Il reste aujourd'hui difficile d'estimer quand ces essais aboutiront. «Cela dépend de plusieurs facteurs, notamment la vitesse de recrutement des cohortes de patients atteints du covid long. Celles-ci sont seulement en train de s'organiser», souligne Jesus Martin-Garcia, qui espère pouvoir présenter de premiers résultats d'ici au premier trimestre de l'année prochaine. «La bonne nouvelle, c'est que notre anticorps est très bien toléré, affirme le patron de GeNeuro. Nous avons traité plus de 200 patients atteints de SEP pendant deux ans et le profil des effets secondaires est restreint.»

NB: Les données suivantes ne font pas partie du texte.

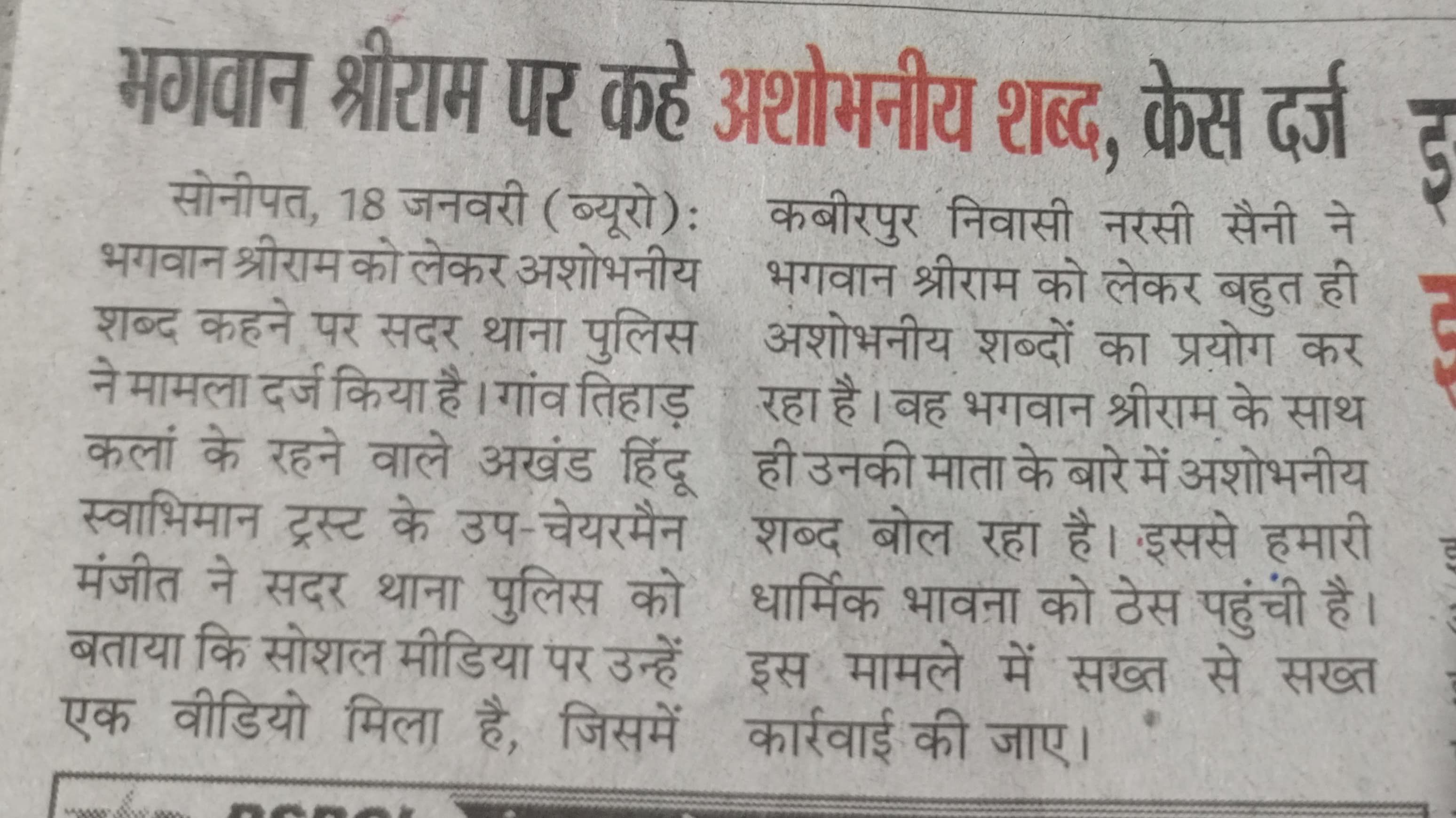 भगवान श्री राम और उनकी माताजी के प्रति कोई भी गलत शब्द बर्दास्त नहीं होगा :- मनजीत तिहाड़ा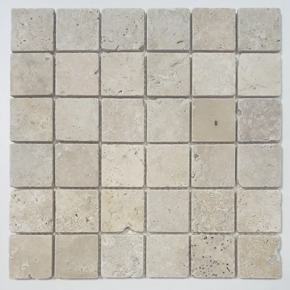 Le Travertin est réputé pour sa résistance et sa durabilité, ce noble matériau renait pour décorer nos espaces de vie actuels. Grâce aux différentes caractéristiques, la mosaïque vous apportera une touche d’élégance naturelle et épurée à votre intérieur. Sa texture et ses nuances naturelles quant à elles apporteront une douceur intemporelle et indémodable à vos espaces de vie. La mosaïque est versatile, elle s’utilise en crédence, en frise ou en un mur complet et s’adapte harmonieusement aux différentes décorations intérieures des pièces de votre maison : cuisine, salle de bains, terrace…Grâce à son caractère et sa nature, le travertin reste un matériau naturel ce qui explique les éventuelles variations de couleurs, de textures, de dimensions et d’aspect final entre les produits présentés et ceux livrés. Ces variations liées à l’esthétique n’altèrent pas les caractéristiques techniques des produits. Caractéristiques : Effet : Mat vieilli Couleur : Blanc Ivoire Matières : TravertinConditionnement : Plaque 30,5×30,5 Destination : Tous types de surfaces Pose : Au sol et aux murs Épaisseur : 0,8 MM Largeur de joint conseillé (standard) : 2mm ✅ Les atouts du travertin : Matériau naturel et durable : Vous permet d’avoir une part durable de la nature dans vos espaces de vie. Entretien facile : Le travertin ne nécessite pas de produits spécifiques pour l’entretenir. Il suffit juste de l’imperméabiliser régulièrement (conseil), et de nettoyer vos surfaces avec de l’eau et du savon doux. Une myriade de choix : Le travertin et le marbre sont des matériaux versatiles. En mosaïque ou en carrelage, les nuances et les couleurs vous donneront la liberté de décorer vos intérieurs selon vos goûts.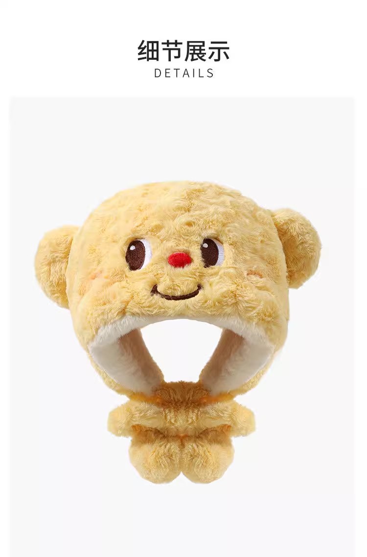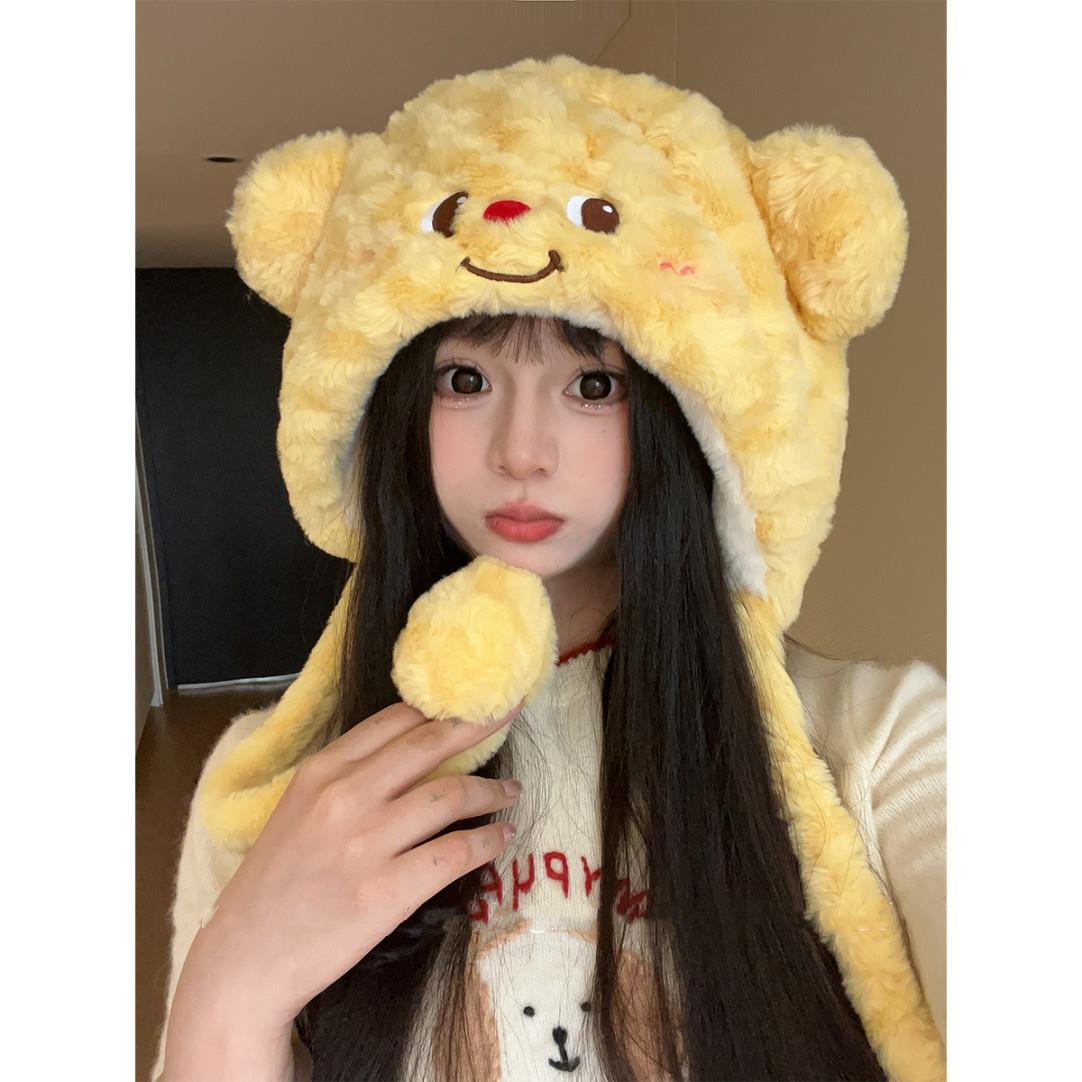 만화 귀여운 버터 곰 봉제 양모 모자 풀오버 니트 모자 원피스 따뜻한 냉간 두꺼운 가을과 겨울 레이 펑 모자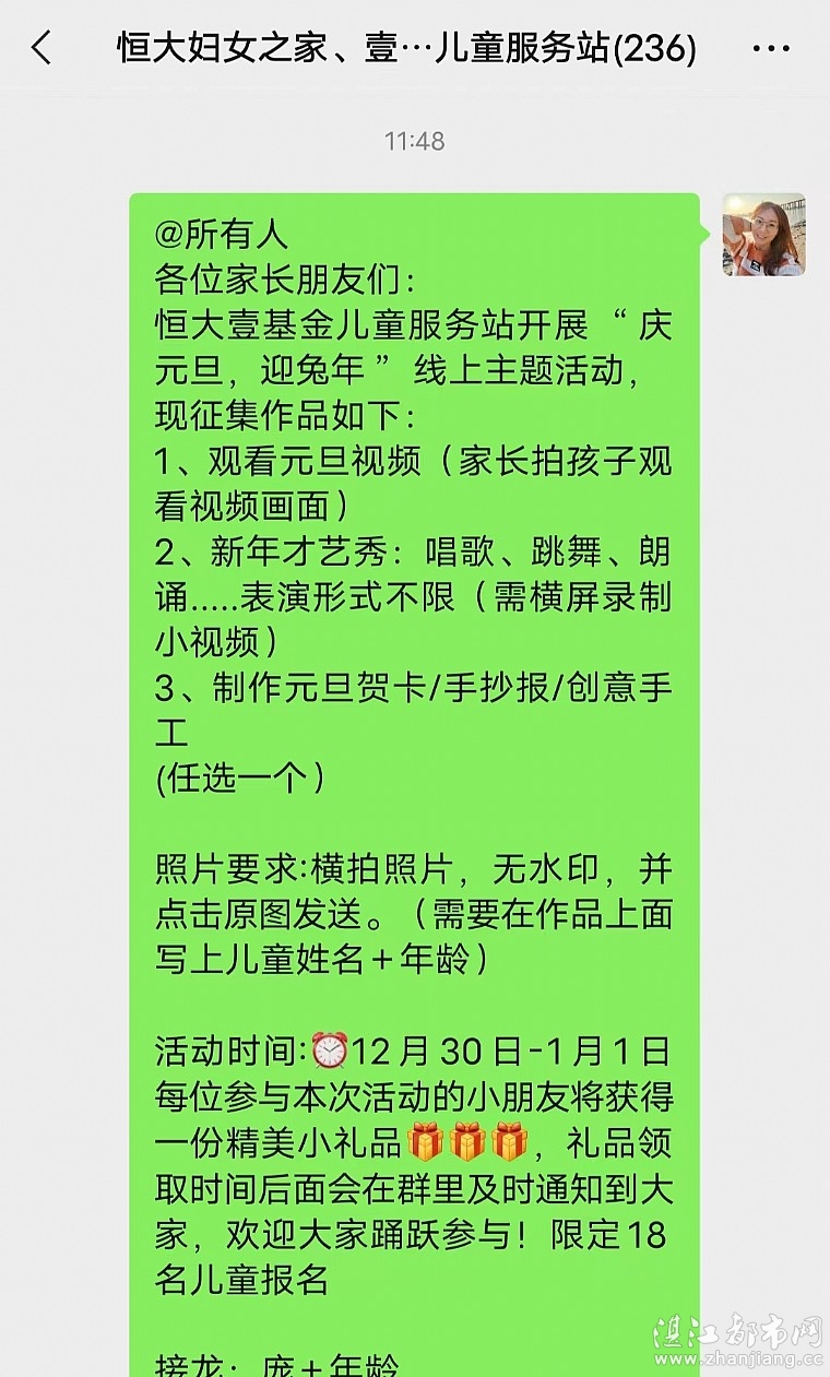 为了让孩子们感受中国传统的节日文化,加深对元旦的了解,2022年12月30日至2023年1月1日,由坡头区妇联、南调街妇联主办,南调村家长学校、湛江市情暖湛江志愿者协会、N1108壹基金儿童服务站(恒大绿洲)承办“庆元旦,迎兔年”线上主题活动,本次活动受益儿童共18人。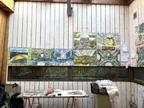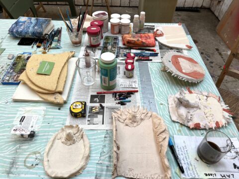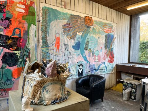 A residency of a month is very short; I decided to work on ceramics, drawings and paintings simultaneously. I planned how to work with clay in these few weeks, but the real problem is the drying time. If I start firing too fast, in my experience, the piece breaks when it comes out of the ceramic kiln. I also brought some of the ceramics with me that I made earlier at EKWC. Here you see a ceramic with a Vincent talking with artist Wilfredo Lam depicted in two illustrations. You see the chair that Vincent painted, and the version Wilfredo made of that painting. In my view, this artwork is an imaginary meeting where they met and discuss the way of depicting this. It’ s fascinating how both artists used a daily life object, a chair, as inspiration on different periods of art history.
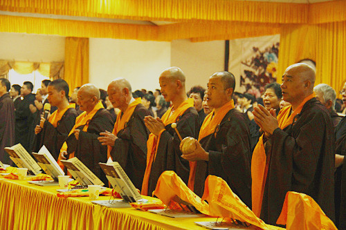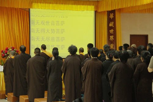 法会从早上8点一直持续到下午4点30分,内容主要是:拜愿,读诵《药师如来本愿功德经》及《药师宝忏》,一心称诵药师琉璃光如来圣号。近千名信众共聚于法堂诵经拜愿,共沾法益。

Pour autant, l'entreprise, qui emploie actuellement 15 personnes, ne prévoit pas d'abandonner ou de mettre en pause ses autres programmes. «Nous continuons nos essais cliniques contre la SEP, et nous avons un partenariat avec le National Institutes of Health aux Etats-Unis sur la maladie de Charcot où nous avons montré qu'une autre protéine de rétrovirus endogène humain, l'HERV-K, pourrait avoir une influence dans la neurodégénérescence rapide des neurones moteurs dans cette maladie», précise Jesus Martin-Garcia.